About this exercise:
Would you please repeat exactly the entries below, starting at the line with "Blusa Tricot Gola Triangulo Botões - MARROM" and ending at the line with "Ring med diamanter", and nothing outside that range? Leave out the pictures.

START Exercise materials

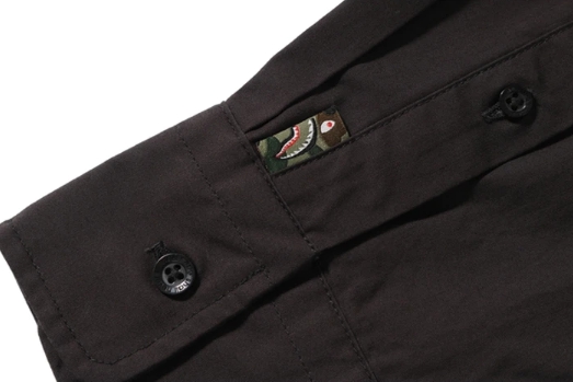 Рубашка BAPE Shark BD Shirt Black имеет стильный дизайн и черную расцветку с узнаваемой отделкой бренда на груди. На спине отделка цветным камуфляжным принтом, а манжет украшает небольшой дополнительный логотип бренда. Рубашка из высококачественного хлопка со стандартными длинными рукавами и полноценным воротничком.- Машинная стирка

END Exercise materials
START Exercise materials

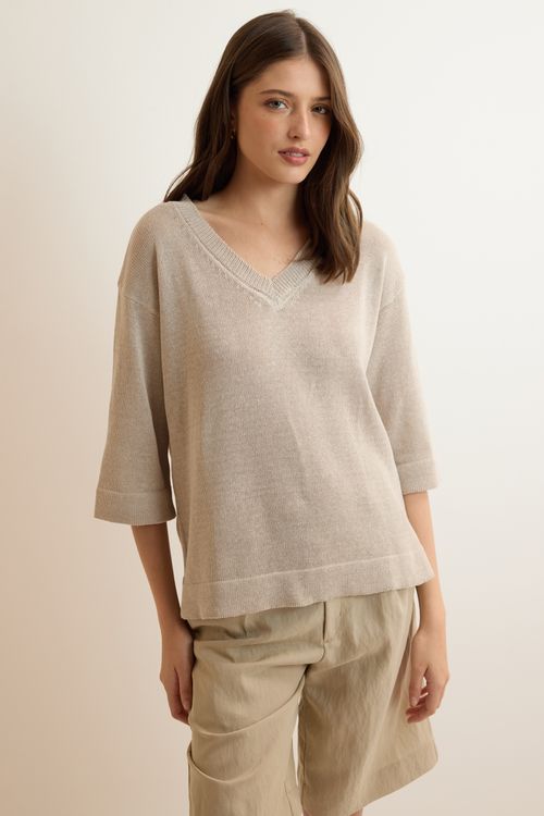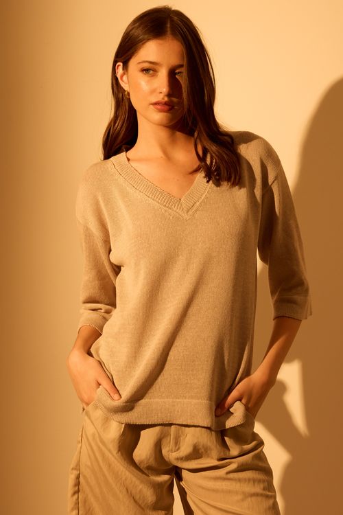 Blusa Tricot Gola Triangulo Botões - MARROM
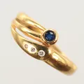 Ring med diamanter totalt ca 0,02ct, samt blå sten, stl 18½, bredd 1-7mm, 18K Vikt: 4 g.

END Exercise materials

Solution to this task:
 Blusa Tricot Gola Triangulo Botões - MARROM
 Ring med diamanter totalt ca 0,02ct, samt blå sten, stl 18½, bredd 1-7mm, 18K Vikt: 4 g.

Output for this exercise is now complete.